Dataset excerpts:
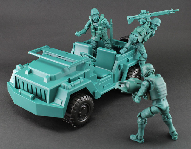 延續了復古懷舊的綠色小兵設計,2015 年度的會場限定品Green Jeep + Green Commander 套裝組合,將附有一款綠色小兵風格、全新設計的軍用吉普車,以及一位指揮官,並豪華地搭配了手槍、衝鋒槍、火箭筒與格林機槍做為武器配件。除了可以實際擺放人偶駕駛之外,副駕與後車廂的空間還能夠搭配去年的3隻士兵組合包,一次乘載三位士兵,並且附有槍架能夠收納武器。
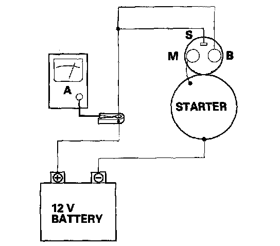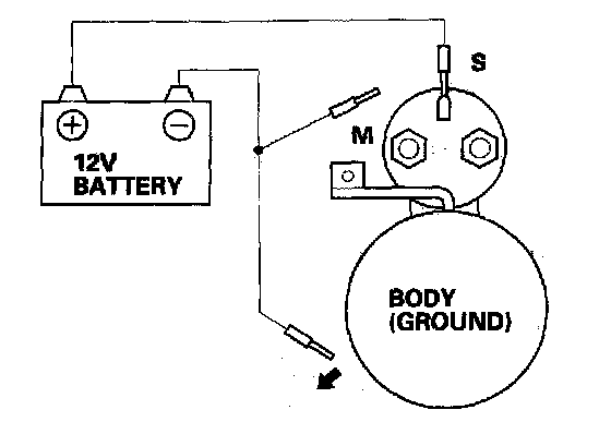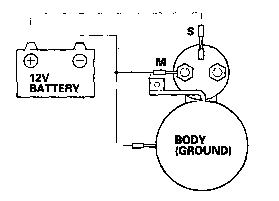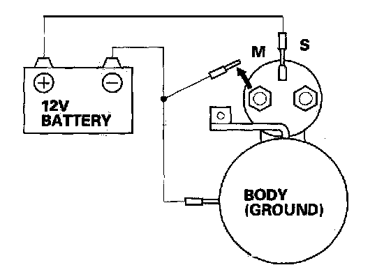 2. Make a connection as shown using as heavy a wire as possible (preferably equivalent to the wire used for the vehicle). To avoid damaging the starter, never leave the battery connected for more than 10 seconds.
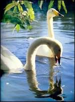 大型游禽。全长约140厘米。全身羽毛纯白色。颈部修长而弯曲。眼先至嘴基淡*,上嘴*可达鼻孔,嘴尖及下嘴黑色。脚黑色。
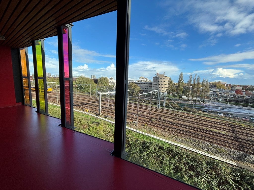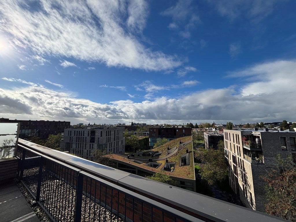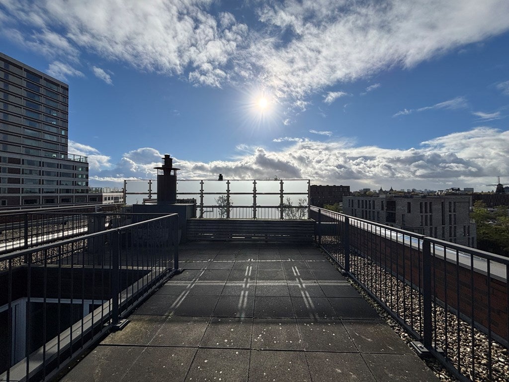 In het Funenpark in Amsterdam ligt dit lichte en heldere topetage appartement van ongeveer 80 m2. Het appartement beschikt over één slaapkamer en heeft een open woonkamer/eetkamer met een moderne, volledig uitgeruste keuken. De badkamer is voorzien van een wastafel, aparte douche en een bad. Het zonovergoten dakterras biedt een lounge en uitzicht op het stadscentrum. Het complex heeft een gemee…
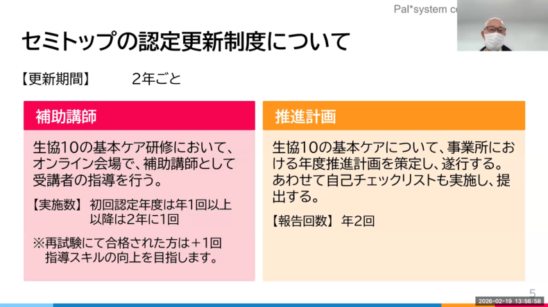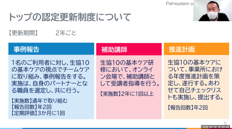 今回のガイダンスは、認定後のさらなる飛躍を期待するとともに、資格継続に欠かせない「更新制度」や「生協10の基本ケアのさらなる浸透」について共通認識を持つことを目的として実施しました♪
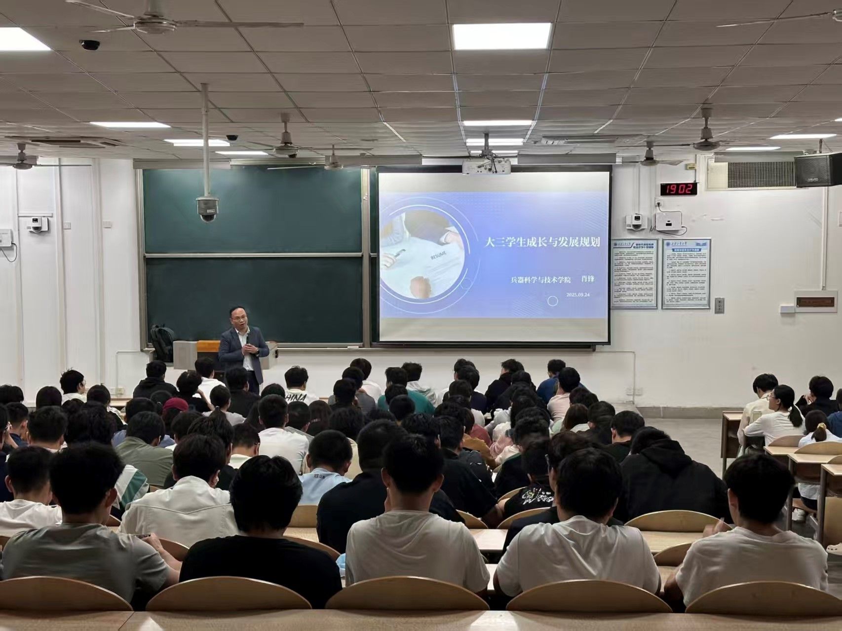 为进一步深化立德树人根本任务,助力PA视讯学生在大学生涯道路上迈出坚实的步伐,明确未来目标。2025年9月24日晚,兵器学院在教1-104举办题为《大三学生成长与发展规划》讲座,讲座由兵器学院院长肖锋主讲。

■ Task directions
All entries above, minus the pictures, should be repeated exactly.

■ Exercise response
 延續了復古懷舊的綠色小兵設計,2015 年度的會場限定品Green Jeep + Green Commander 套裝組合,將附有一款綠色小兵風格、全新設計的軍用吉普車,以及一位指揮官,並豪華地搭配了手槍、衝鋒槍、火箭筒與格林機槍做為武器配件。除了可以實際擺放人偶駕駛之外,副駕與後車廂的空間還能夠搭配去年的3隻士兵組合包,一次乘載三位士兵,並且附有槍架能夠收納武器。
 2. Make a connection as shown using as heavy a wire as possible (preferably equivalent to the wire used for the vehicle). To avoid damaging the starter, never leave the battery connected for more than 10 seconds.
 大型游禽。全长约140厘米。全身羽毛纯白色。颈部修长而弯曲。眼先至嘴基淡*,上嘴*可达鼻孔,嘴尖及下嘴黑色。脚黑色。
 In het Funenpark in Amsterdam ligt dit lichte en heldere topetage appartement van ongeveer 80 m2. Het appartement beschikt over één slaapkamer en heeft een open woonkamer/eetkamer met een moderne, volledig uitgeruste keuken. De badkamer is voorzien van een wastafel, aparte douche en een bad. Het zonovergoten dakterras biedt een lounge en uitzicht op het stadscentrum. Het complex heeft een gemee…
 今回のガイダンスは、認定後のさらなる飛躍を期待するとともに、資格継続に欠かせない「更新制度」や「生協10の基本ケアのさらなる浸透」について共通認識を持つことを目的として実施しました♪
 为进一步深化立德树人根本任务,助力PA视讯学生在大学生涯道路上迈出坚实的步伐,明确未来目标。2025年9月24日晚,兵器学院在教1-104举办题为《大三学生成长与发展规划》讲座,讲座由兵器学院院长肖锋主讲。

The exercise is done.